In fact, isn't that true when Jonah, remember the prophet Jonah? He's the guy who had a good dose of whale-belly theology. And he got his life straightened out. Jonah was going the wrong way, a great fish swallowed Jonah and Jonah finally got his life right with God, or so it seemed. And then he went to the Ninevites. In chapter 3, he preached an eight-word message to the Ninevites and the whole city came to Christ. I mean, can you imagine? How would you like to have a pastor who could preach eight words and sit down?
Some of you would like that to happen right now, I understand. Eight words, that's a pretty short message, but it was very effective because God was in that message. This whole town of the Ninevites came to God, Jehovah God of Israel, because of the great repentance that came to the city. Now, it'd be delightful if the story ended there. But if you remember chapter 4 of Jonah, Jonah is arguing with God. And he's complaining that God showed mercy on his hated enemy, these Assyrians.

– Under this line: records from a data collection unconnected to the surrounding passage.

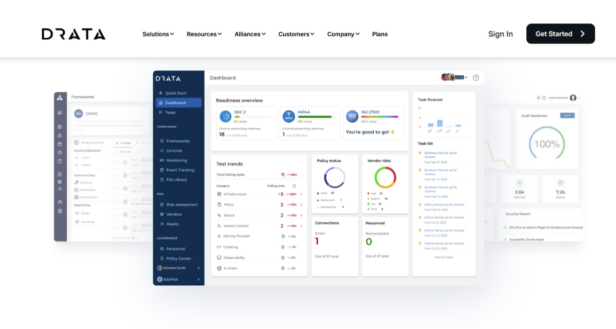 Best for: Organizations prioritizing audit readiness and multi-framework compliance automation.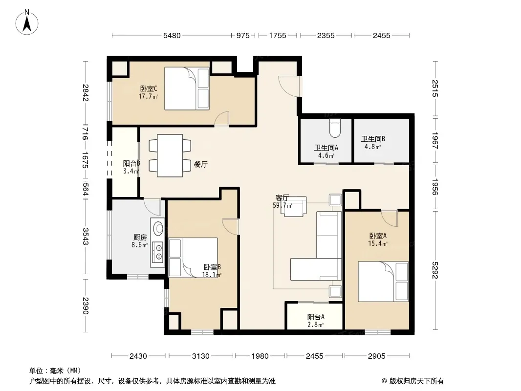 户型齐全,主打户型方正,客厅朝南,双阳台二居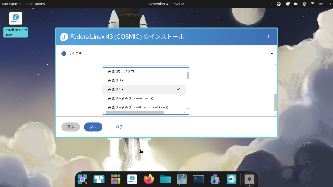 3. インストール 以降の手順は「Fedora - 43 - MATE」と同様となりますので、そちらをご参照ください。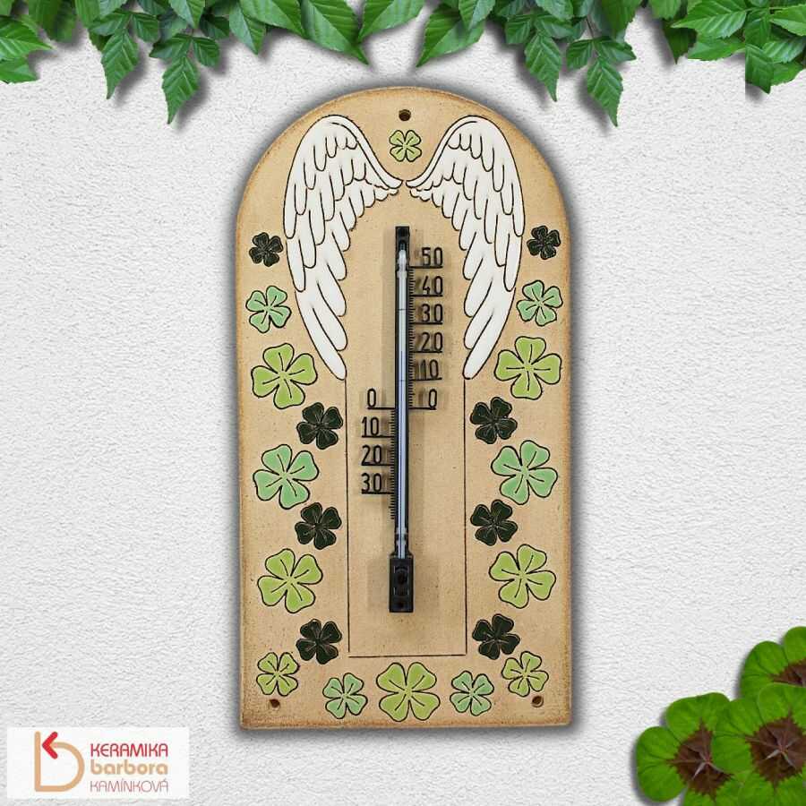 Ručně rytý a malovaný keramický venkovní teploměr se čtyřlístky a andělskými křídly potěší každého, komu přejeme štěstí a ochranu.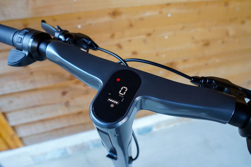 Integrated into the center of the handlebar console is a slick LED display.

In fact he says in verse 2 of chapter 4, "I knew that You are a gracious and compassionate God, slow to anger and abounding in love, a God who relents from sending calamity." I just knew You were that kind of God. And he's complaining because God showed mercy on the hated Assyrians.
But I want to tell you, friends, that's the kind of God you want to confess your sins to, a God who is more apt to show mercy than show wrath. That's the kind of God you want to get to know, that's the kind of God you want to be intimate with, a God who is more eager to restore you than He is to punish you. God will punish us for our sins, don't make any mistake about that. But God is far more eager to restore us to Himself than He is to dish out punishment on us.

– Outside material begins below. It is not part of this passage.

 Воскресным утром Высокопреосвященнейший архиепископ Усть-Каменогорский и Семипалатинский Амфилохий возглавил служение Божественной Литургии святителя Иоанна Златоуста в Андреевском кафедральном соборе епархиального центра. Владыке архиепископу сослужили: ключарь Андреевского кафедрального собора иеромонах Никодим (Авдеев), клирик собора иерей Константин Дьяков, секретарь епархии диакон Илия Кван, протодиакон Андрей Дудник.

Certainly Gomer in the story of Hosea can appreciate and understand the coming back to God's love. It means your coming back to a God who is far more interested in forgiving you than He is in punishing you. Now go back with me to Hosea, chapter 2, verses 13 and 14, two of the best verses in this whole book. "'I will punish her for the days she burned incense to the Baals; she decked herself with rings and jewelry, and went after her lovers, but she forgot Me,' declares the Lord.'" 'Therefore, I am now going to allure her; I will lead her into the desert and speak tenderly to her.'"
I'm never short of amazement the more I learn about God. I mean, He's talking about Israel here in the person of Gomer. And He says to Hosea, "My people Israel have forsaken Me, they've forgotten all about Me, they've gone after the Baals. I'm going to lead My people Israel into the desert." And, you know, if I were a good prophet in those days, I'd say, "Yeah God, good this is great. Yeah, really zap them good when they're in the desert."
And then He says something like; "I'm going to allure her in the desert." This is love talk, friends, this is not hate talk. God is going to speak tenderly to her. And I, the righteous person that I am, say, "No, no don't do that God, give it to them, they really deserve it."
God says, "Shut up and listen to Me."
Well, maybe, He didn't say that; but He came close. He said, "Pay attention because this is the kind of God I am." I want to learn something about God from the Book of Hosea. And I find out that here is a God who is far more eager to restore me than He is to punish me. And I also find out that this is a God who shows His tender side, even in His judgment. I mean God is so loving, so tender, so caring that even when He's dishing out judgment to these people, you see something about the tender side of God. Come see the many sides of God.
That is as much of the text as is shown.